The Future Of Broadcasting
NAB is a great event. Shed loads of people predicting the ‘next-big-thing’ and taking their stand on tomorrows new…
NAB is a great event. Shed loads of people predicting the ‘next-big-thing’ and taking their stand on tomorrows new format and start-up sensation. If there’s one thing to emerge from this Las Vegas hypefest is the challenge Internet broadcasting is making to traditional distribution mediums.
The TV broadcasters are either sitting on some pretty serious new killer apps that will get their struggling interactive TV services to “work the web” or they don’t have a clue what to do and bluffing us all. Which ever way you look at it, the fact that the recent Yahoo/broadcast.com deal now values the new company at US$5 billion *more* than CBS is cause for a quite interesting new debate.
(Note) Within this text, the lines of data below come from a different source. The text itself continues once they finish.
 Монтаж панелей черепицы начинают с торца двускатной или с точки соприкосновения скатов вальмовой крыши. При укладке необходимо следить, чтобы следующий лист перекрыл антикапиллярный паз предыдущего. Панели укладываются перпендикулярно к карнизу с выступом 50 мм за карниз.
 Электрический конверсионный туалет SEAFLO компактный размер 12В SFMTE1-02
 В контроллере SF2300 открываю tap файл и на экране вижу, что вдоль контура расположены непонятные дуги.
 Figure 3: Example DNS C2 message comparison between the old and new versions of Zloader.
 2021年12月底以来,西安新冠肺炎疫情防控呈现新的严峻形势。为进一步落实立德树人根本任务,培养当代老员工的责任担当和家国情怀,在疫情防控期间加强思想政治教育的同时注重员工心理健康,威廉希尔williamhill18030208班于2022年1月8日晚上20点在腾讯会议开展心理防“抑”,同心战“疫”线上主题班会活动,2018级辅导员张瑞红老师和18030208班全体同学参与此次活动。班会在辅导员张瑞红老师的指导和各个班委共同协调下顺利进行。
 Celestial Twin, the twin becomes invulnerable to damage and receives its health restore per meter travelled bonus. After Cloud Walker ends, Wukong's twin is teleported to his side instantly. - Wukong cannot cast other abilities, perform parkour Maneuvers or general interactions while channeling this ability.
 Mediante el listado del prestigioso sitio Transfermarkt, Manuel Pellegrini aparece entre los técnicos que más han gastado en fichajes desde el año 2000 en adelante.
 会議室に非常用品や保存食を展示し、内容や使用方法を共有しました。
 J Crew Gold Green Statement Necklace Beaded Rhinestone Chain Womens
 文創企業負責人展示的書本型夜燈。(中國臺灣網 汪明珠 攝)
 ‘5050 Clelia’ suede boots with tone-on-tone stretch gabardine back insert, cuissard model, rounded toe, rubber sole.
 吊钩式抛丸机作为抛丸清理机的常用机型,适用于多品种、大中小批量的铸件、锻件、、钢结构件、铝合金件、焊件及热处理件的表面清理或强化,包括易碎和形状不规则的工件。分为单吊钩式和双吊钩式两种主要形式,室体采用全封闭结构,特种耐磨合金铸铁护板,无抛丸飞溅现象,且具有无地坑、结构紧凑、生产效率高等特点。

We’ve been following this PC/TV convergence “thang” for sometime now, we’ve even been asked to speak about it, but the events over the last week at NAB show the true colours of the Big Broadcasting Boys [BBB]. At one end you have William Kennard, chairman of the US Federal Communications Commission chanting the cable cause:
“With their direct connection to nearly every home in America, networks are sitting on an asset that Internet start-ups can’t come close to matching. Broadcasters have that big pipe that everybody needs today. Broadcast.com, like many of today’s Internet companies, took a risk on a future that is not yet here. They’ll experiment with IP Multicasting, better compression techniques, different approaches to caching, or with whole new distribution pipes like satellite,” he said. “But in the end, what they’re really trying to do is come up with a good point-to-
multipoint model, and that’s just another word for broadcasting.”
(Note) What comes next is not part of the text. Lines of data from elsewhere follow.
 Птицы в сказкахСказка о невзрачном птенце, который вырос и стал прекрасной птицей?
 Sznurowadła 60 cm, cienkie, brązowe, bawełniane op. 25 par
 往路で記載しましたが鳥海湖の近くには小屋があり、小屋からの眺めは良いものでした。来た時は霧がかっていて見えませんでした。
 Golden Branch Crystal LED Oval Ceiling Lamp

Whilst at the other end, Real raider Rob Glasier rocks the boat: “The future of Net broadcasting, is the future of broadcasting.” With Anthony Bay, general manager of Microsoft’s streaming media division taking the lead, “A few years ago, newspapers were also debating whether
or not to have a presence on the Web. The question is not if, but when you’ll do it. The market is here, the technology is here. If you wait a couple of years to get involved, it will really be challenging.”
Whatever happens, the battle has just begun and we’re here to cover every blow.